Il caschetto è dotato di elettrodi personalizzabile che, grazie a un intervento di neuromodulazione, riescono a compensare squilibri neuronali correlati all’affaticamento del paziente affetto da sclerosi multipla, una condizione per la quale non esistono attualmente cure efficaci. L’80 per cento dei pazienti con sclerosi multipla riporta una stanchezza eccessiva che compromette la qualità di vita più di altri sintomi. All’origine di questa spossatezza sembra ci sia una alterazione nelle connessioni  tra alcune aree del cervello.

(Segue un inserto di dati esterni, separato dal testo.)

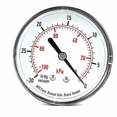 D1344 Commercial Vacuum Gauge Nominal Dial Size 2 1/2 in Accuracy +/-3-2-3 Percent Gauge Case Material ABS Plastic Process Connection Type NPT Process Connection Gender Male Lens Material Acrylic Process Connection Size 1/4 in Field Fillable No Process Connection Location Center Back Case Color Black IP/NEMA Rating Not Rated Primary Pressure Range 30 to 0 Dry Dampening Feature None Vibration Resistance None Dial Color White Pressure Gauge Type General Purpose Dial Pressure Gauge

La stimolazione transcranica attraverso il caschetto riduce fortemente queste disfunzioni migliorando la comunicazione intercerebrale. 

«Prima di tutto abbiamo cercato le regioni del cervello che nel paziente con sclerosi multipla comunicano peggio al crescere della fatica, poi abbiamo messo a punto un intervento di neuromodulazione per compensare questa distorsione. In tale lavoro si è rivelato utile lo sviluppo di un caschetto adattabile che posiziona un elettrodo, conformato secondo le circonvoluzioni corticali della regione cui giunge la percezione somatosensoriale da tutto il corpo. Dopo cinque stimolazioni elettriche transcraniche di 15 minuti al giorno mediante intervento elettroceutico personalizzato (FaReMuS), molti pazienti si sono sentiti più in forze», ha dichiarato Franca Tecchio del Cnr-Istc tra gli autori dello studio.  

L’intervento con il caschetto munito di elettrodi ha rimodulato i segnali cerebrali in una maniera che spiegherebbe la metà (48%) del miglioramento dell’affaticamento osservata nei pazienti. I risultati dello studio indicano che l’intervento di stimolazione elettrica è promettente per alleviare i sintomi della fatica nei pazienti con sclerosi multipla. La procedura è anche poco impegnativa per il paziente perché può essere eseguita a domicilio. 

«Possiamo affermare che una elettroceutica non-invasiva personalizzata sulle specifiche caratteristiche anatomo-funzionali delle regioni compromesse può essere efficace contro la fatica. Parte dell’efficacia nasce dal ristabilire la comunicazione intra-cerebrale che era tanto più alterata al crescere della fatica», ha concluso Tecchio.